Apogonia niponica

Scientific classification
- Kingdom: Animalia
- Phylum: Arthropoda
- Clade: Pancrustacea
- Class: Insecta
- Order: Coleoptera
- Suborder: Polyphaga
- Infraorder: Scarabaeiformia
- Family: Scarabaeidae
- Genus: Apogonia
- Species: A. niponica
- Binomial name: Apogonia niponica Lewis, 1895
- Synonyms: Apogonia chinensis Moser, 1918;

= Apogonia niponica =

- Genus: Apogonia
- Species: niponica
- Authority: Lewis, 1895
- Synonyms: Apogonia chinensis Moser, 1918

Species of beetle

Apogonia niponica is a species of beetle of the family Scarabaeidae.

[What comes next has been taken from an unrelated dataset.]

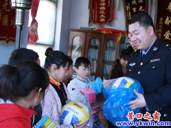 团员警官向孩子赠送文体活动;
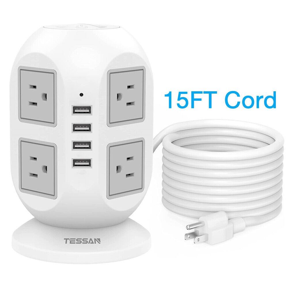 Power Strip Tower Surge Protector with 8 Outlet 4 USB 6/10/15 FT Extension Cord

It is found in China (Beijing, Guizhou, Hubei, Shaanxi, Sichuan), Japan and on the Korean Peninsula.

==Description==
Adults reach a length of about 6.6–7.8 mm. They have a chestnut brown to brownish black, ovate body, with an indistinct metallic shine. The antennae are yellowish brown. The head, pronotum and discal part of the elytra are bare, while the lateral and apical parts of the elytra are covered with extremely short and barely visible setae. The legs and the ventral surface have short, pale setation.